Only the tail of the listing is wanted: the line containing "Se o Novell" and all after it, repeated exactly, pictures omitted.

▶ _DATA EXTRACT_

◆ ◆ ◆ ◆ ◆

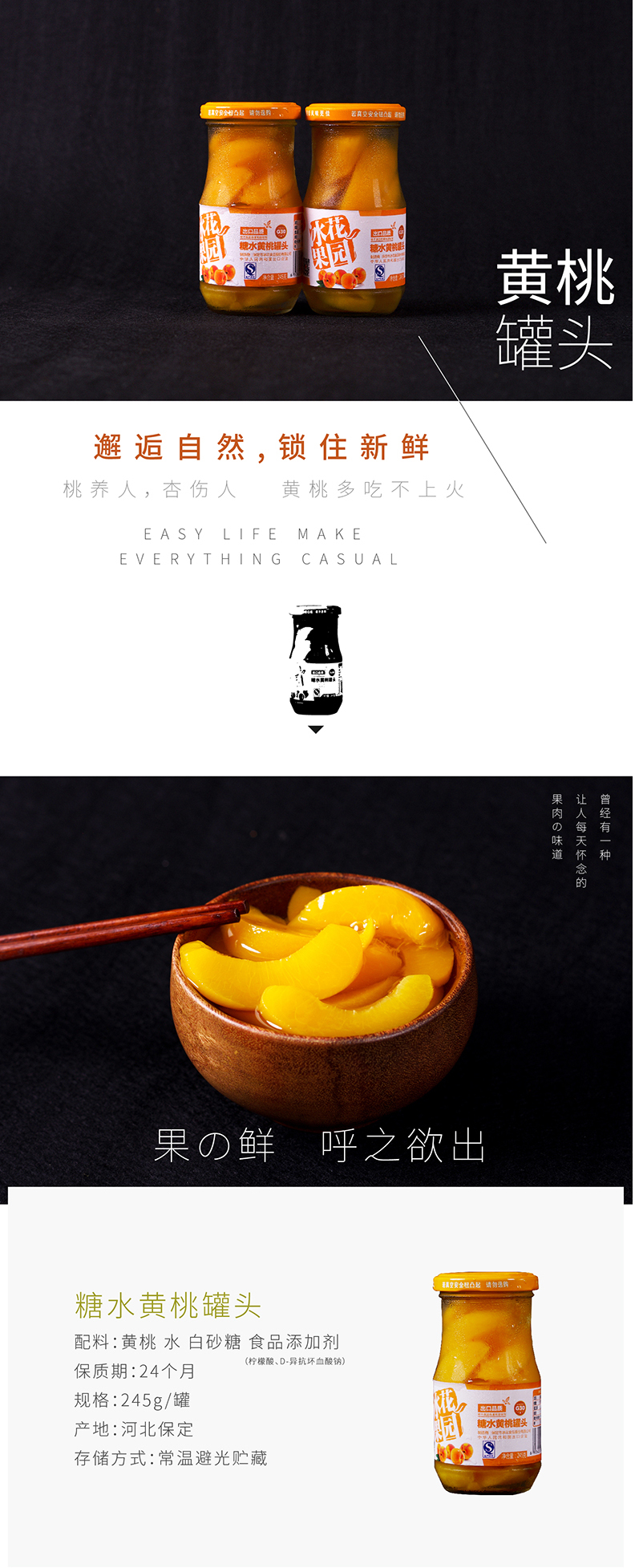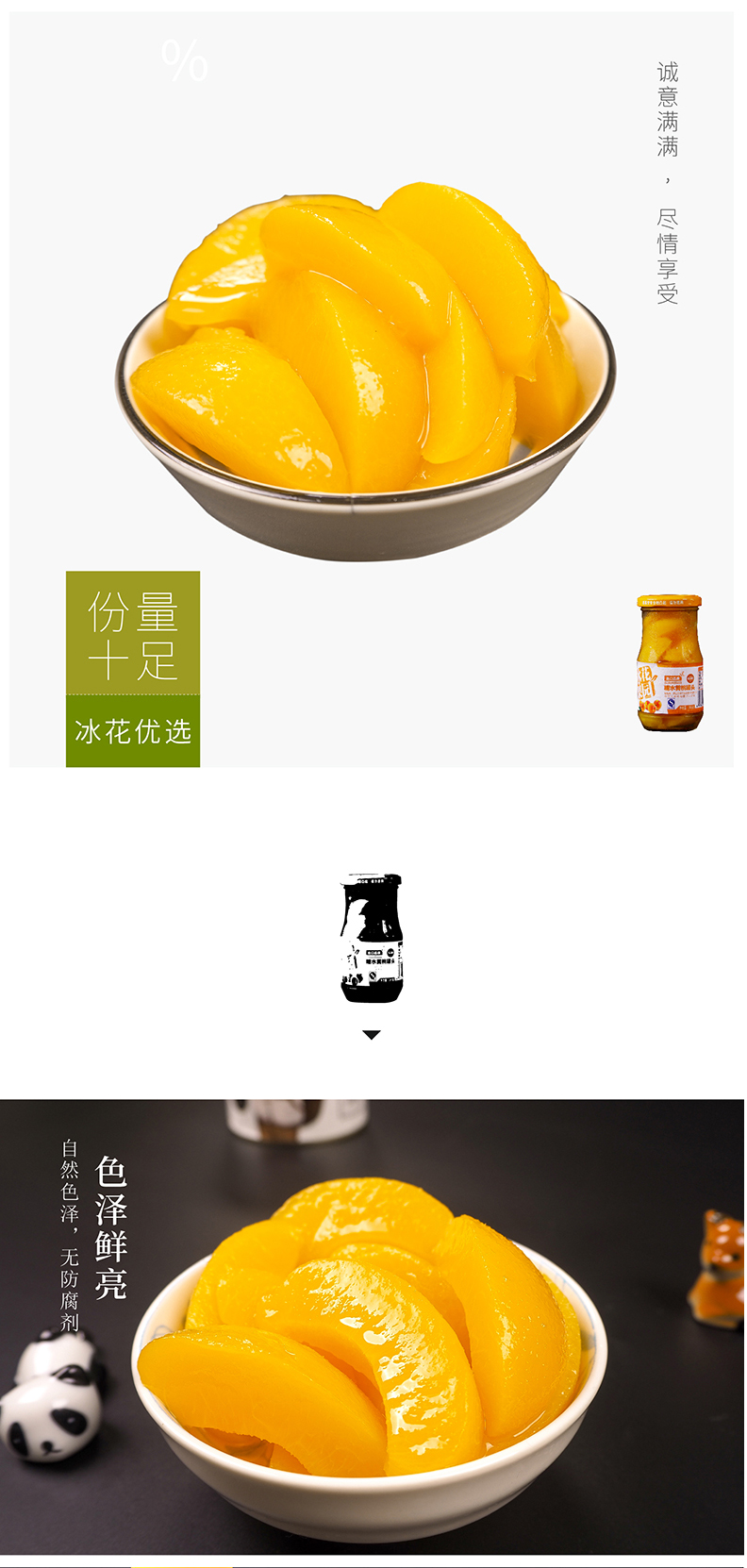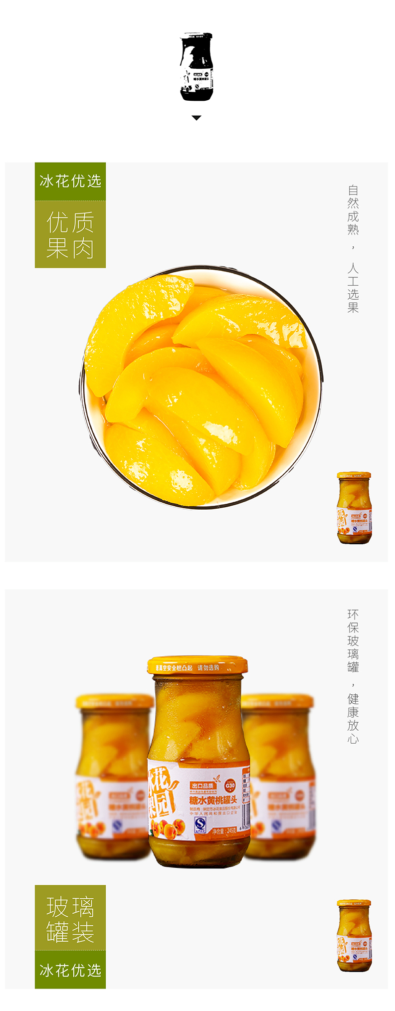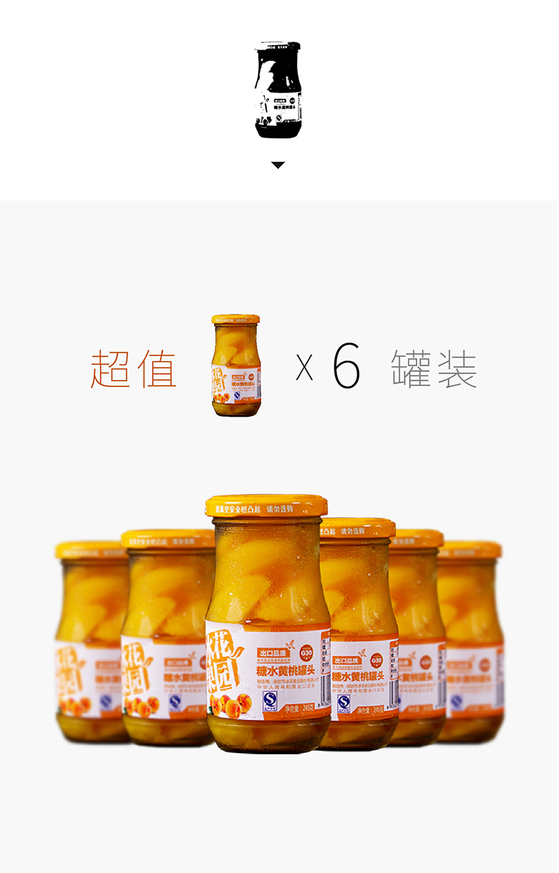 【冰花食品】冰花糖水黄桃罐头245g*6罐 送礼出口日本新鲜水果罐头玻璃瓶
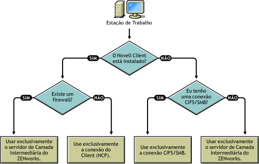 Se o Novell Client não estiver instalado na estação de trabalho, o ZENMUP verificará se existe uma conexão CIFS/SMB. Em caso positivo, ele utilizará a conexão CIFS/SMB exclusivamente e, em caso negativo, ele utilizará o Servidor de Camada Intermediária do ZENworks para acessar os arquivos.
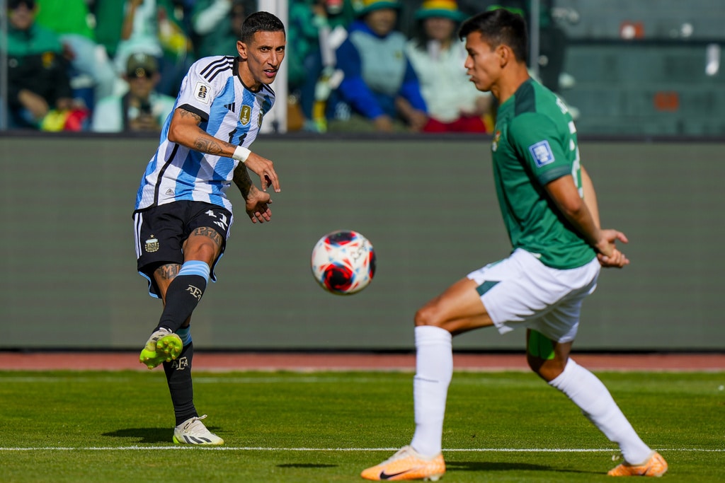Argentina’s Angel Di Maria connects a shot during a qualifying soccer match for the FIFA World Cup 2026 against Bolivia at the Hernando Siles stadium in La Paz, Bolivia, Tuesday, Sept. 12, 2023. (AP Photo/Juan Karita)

◆ ◆ ◆ ◆ ◆

▶ _WRITTEN RESPONSE_
 Se o Novell Client não estiver instalado na estação de trabalho, o ZENMUP verificará se existe uma conexão CIFS/SMB. Em caso positivo, ele utilizará a conexão CIFS/SMB exclusivamente e, em caso negativo, ele utilizará o Servidor de Camada Intermediária do ZENworks para acessar os arquivos.
Argentina’s Angel Di Maria connects a shot during a qualifying soccer match for the FIFA World Cup 2026 against Bolivia at the Hernando Siles stadium in La Paz, Bolivia, Tuesday, Sept. 12, 2023. (AP Photo/Juan Karita)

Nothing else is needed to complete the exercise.